## To do
Your response should contain only the lines running from the top of the data below through the line with "Die Blumen wurden", both included. Pictures must be omitted.

** Exercise data follows **

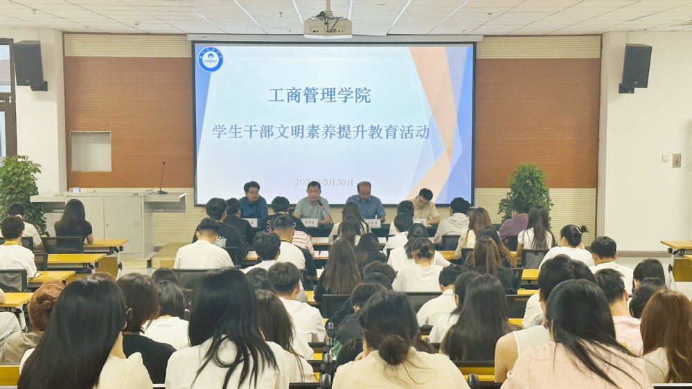 为落实《关于开展“树文明风尚,展青春风采”学生文明行为素养提升教育月的通知》文件精神,引导我院学生树立正确的交往观念和着装意识,培养学生良好的行为习惯,构建积极向上、文明和谐的校园文化。5月30日晚自习期间,工商管理学院组织校园文明督导队、各班班委召开全院学生干部文明素养提升教育大会,会议在综合教学楼C503教室举行,学院党委书记兼行政院长马进宝、行政院长助理张鹏、团总支书记陈岩出席会议,会议由办公室主任李兴龙主持。
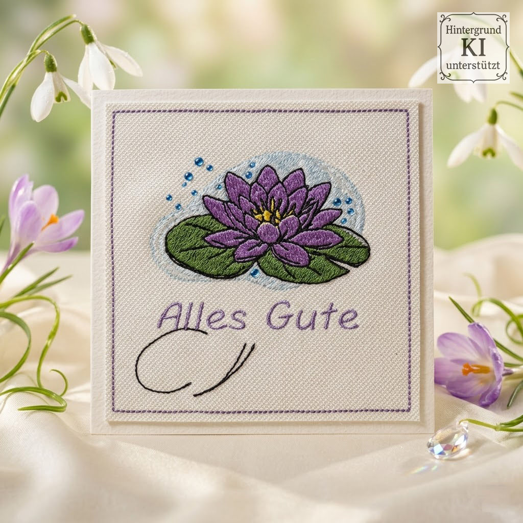 Die Blumen wurden mit einer sehr niedrigen Stickdichte digitalisiert, der Hintergrund mit einer Dichte von etwa. Dadurch entsteht bewusst ein leichter, transparenter Effekt.
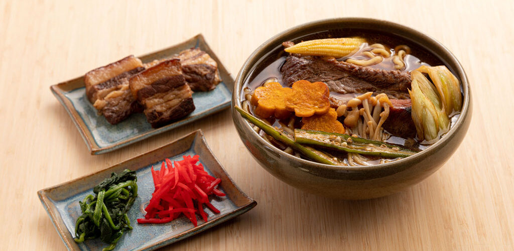 Ramen Ikigai: inspirado no sukiyaki e em Okinawa, o prato foi criado pelo ramen master Takeshi Koitani e pelos chefs Thyago Anasawa e Jana Costa, do Jojo Ramen. Tem caldo composto de porco, frango e dashi: é delicado e, ao mesmo tempo, potente. O macarrão é temomi (ondulado) e mais leve, no estilo Kitakata. O destaque é o Rafute, barriga de porco cozida, típica de Okinawa, cozinhado por longas horas em um caldo com Awamori (bebida regional). Para completar, o ramen vem com costela suína, minimilho, quiabo grelhado, cogumelo enoki, cebolinha naganegui e abóbora defumada. De acompanhamento, há espinafre horenso e gengibre agridoce (gari shoga).
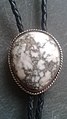 Howlite and Silver Bolo tie with small inclusions of tiny, brownish howlite crystals. This howlite specimen is from Tick Canyon
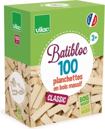 Klassisk træbyggesæt af naturligt massivt træ med 100 klodser, der udvikler børns fantasi og finmotorik. Byggevejledninger er inkluderet. Høj kvalitet, fremstillet i Frankrig, ideelt fra 3 år.
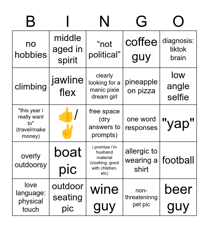 This bingo card has a free space and 34 words: beverage personality, non-threateninng pet pic, gym mirror selfie, travel as a personality trait (it isn't), overly outdoorsy, jawline flex, diagnosis: tiktok brain, love language: physical touch, middle aged in spirit, flexing (for other men) ex. cars, watches, etc., clearly looking for a manic pixie dream girl, “not political”, sunny vacation pic, knows one angle, one word responses, low angle selfie, outdoor seating pic, "this year i really want to" (travel/make money), boat pic, allergic to wearing a shirt, i promise i’m husband material (cooking, good with children, etc), (prompt) you, no hobbies, "yap", wine guy, beer guy, coffee guy, skiing, pineapple on pizza, climbing, "my strongest side is (left/right)", 👍/✌️, football and f1.
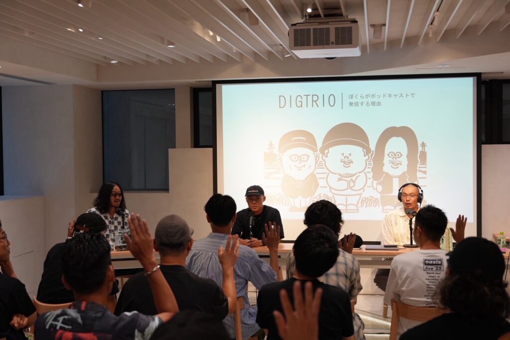 第一部では、「ディグトリオ」を素材としたドキュメンタリームービー「ぼくらがポッドキャストで発信する理由 | MY LIFE, MY WORK」(2025年3月からVimeoにて有料配信中)を鑑賞。

** End of Exercise data **

## Solution to this problem
 为落实《关于开展“树文明风尚,展青春风采”学生文明行为素养提升教育月的通知》文件精神,引导我院学生树立正确的交往观念和着装意识,培养学生良好的行为习惯,构建积极向上、文明和谐的校园文化。5月30日晚自习期间,工商管理学院组织校园文明督导队、各班班委召开全院学生干部文明素养提升教育大会,会议在综合教学楼C503教室举行,学院党委书记兼行政院长马进宝、行政院长助理张鹏、团总支书记陈岩出席会议,会议由办公室主任李兴龙主持。
 Die Blumen wurden mit einer sehr niedrigen Stickdichte digitalisiert, der Hintergrund mit einer Dichte von etwa. Dadurch entsteht bewusst ein leichter, transparenter Effekt.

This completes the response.